Return only the line containing "Weg vom Neben- zum" and each line after it, exactly as written, through the end of the records.
---
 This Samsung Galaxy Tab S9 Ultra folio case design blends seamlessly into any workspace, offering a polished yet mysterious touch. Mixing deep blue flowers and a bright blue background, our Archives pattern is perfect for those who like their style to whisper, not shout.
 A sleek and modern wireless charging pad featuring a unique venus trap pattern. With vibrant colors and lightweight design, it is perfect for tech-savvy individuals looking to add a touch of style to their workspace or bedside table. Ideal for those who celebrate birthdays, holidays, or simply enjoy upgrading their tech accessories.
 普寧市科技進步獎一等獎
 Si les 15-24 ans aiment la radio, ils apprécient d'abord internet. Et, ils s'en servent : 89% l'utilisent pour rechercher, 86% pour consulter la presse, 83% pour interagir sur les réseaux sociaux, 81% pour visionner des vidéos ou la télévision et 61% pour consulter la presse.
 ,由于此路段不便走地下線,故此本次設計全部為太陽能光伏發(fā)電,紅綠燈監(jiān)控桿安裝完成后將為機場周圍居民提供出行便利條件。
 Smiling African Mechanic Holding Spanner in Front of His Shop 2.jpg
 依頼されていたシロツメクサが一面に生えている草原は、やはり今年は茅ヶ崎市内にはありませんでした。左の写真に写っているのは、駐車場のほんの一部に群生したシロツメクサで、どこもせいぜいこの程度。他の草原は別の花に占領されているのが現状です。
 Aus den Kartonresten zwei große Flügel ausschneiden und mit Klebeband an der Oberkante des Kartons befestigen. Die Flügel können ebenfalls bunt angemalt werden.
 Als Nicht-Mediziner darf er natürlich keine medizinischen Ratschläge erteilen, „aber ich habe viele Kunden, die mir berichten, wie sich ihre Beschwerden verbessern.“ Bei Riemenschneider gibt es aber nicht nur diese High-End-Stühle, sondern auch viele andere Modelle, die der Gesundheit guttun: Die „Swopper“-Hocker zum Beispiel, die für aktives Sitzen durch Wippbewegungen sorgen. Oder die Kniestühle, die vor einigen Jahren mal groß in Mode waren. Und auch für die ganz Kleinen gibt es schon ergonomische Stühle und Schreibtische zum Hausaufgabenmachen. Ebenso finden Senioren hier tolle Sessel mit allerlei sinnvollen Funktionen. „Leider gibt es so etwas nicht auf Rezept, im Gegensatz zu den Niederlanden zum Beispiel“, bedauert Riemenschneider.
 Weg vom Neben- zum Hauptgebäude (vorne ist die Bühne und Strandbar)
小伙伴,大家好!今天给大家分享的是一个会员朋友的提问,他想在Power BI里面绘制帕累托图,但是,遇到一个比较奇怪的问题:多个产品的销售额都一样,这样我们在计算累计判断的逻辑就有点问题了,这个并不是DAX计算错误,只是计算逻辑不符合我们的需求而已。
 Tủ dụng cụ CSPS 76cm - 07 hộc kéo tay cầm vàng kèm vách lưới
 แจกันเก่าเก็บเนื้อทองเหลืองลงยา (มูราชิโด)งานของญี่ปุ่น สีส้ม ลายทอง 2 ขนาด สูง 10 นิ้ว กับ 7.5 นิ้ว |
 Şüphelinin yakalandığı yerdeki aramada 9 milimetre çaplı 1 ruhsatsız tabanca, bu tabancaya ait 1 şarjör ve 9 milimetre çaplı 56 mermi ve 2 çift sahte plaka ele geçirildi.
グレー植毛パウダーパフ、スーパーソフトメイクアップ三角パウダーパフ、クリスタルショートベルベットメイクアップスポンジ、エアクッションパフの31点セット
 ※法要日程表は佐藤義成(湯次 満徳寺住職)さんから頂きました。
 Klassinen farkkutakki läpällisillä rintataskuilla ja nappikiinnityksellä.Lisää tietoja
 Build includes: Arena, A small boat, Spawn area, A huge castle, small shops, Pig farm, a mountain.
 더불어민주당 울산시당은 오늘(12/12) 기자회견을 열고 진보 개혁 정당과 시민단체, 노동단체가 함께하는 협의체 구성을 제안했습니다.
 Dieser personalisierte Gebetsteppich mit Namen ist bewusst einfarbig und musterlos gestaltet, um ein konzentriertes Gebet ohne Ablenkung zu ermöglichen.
---
RESULT OF THE EXERCISE:
 Weg vom Neben- zum Hauptgebäude (vorne ist die Bühne und Strandbar)
小伙伴,大家好!今天给大家分享的是一个会员朋友的提问,他想在Power BI里面绘制帕累托图,但是,遇到一个比较奇怪的问题:多个产品的销售额都一样,这样我们在计算累计判断的逻辑就有点问题了,这个并不是DAX计算错误,只是计算逻辑不符合我们的需求而已。
 Tủ dụng cụ CSPS 76cm - 07 hộc kéo tay cầm vàng kèm vách lưới
 แจกันเก่าเก็บเนื้อทองเหลืองลงยา (มูราชิโด)งานของญี่ปุ่น สีส้ม ลายทอง 2 ขนาด สูง 10 นิ้ว กับ 7.5 นิ้ว |
 Şüphelinin yakalandığı yerdeki aramada 9 milimetre çaplı 1 ruhsatsız tabanca, bu tabancaya ait 1 şarjör ve 9 milimetre çaplı 56 mermi ve 2 çift sahte plaka ele geçirildi.
グレー植毛パウダーパフ、スーパーソフトメイクアップ三角パウダーパフ、クリスタルショートベルベットメイクアップスポンジ、エアクッションパフの31点セット
 ※法要日程表は佐藤義成(湯次 満徳寺住職)さんから頂きました。
 Klassinen farkkutakki läpällisillä rintataskuilla ja nappikiinnityksellä.Lisää tietoja
 Build includes: Arena, A small boat, Spawn area, A huge castle, small shops, Pig farm, a mountain.
 더불어민주당 울산시당은 오늘(12/12) 기자회견을 열고 진보 개혁 정당과 시민단체, 노동단체가 함께하는 협의체 구성을 제안했습니다.
 Dieser personalisierte Gebetsteppich mit Namen ist bewusst einfarbig und musterlos gestaltet, um ein konzentriertes Gebet ohne Ablenkung zu ermöglichen.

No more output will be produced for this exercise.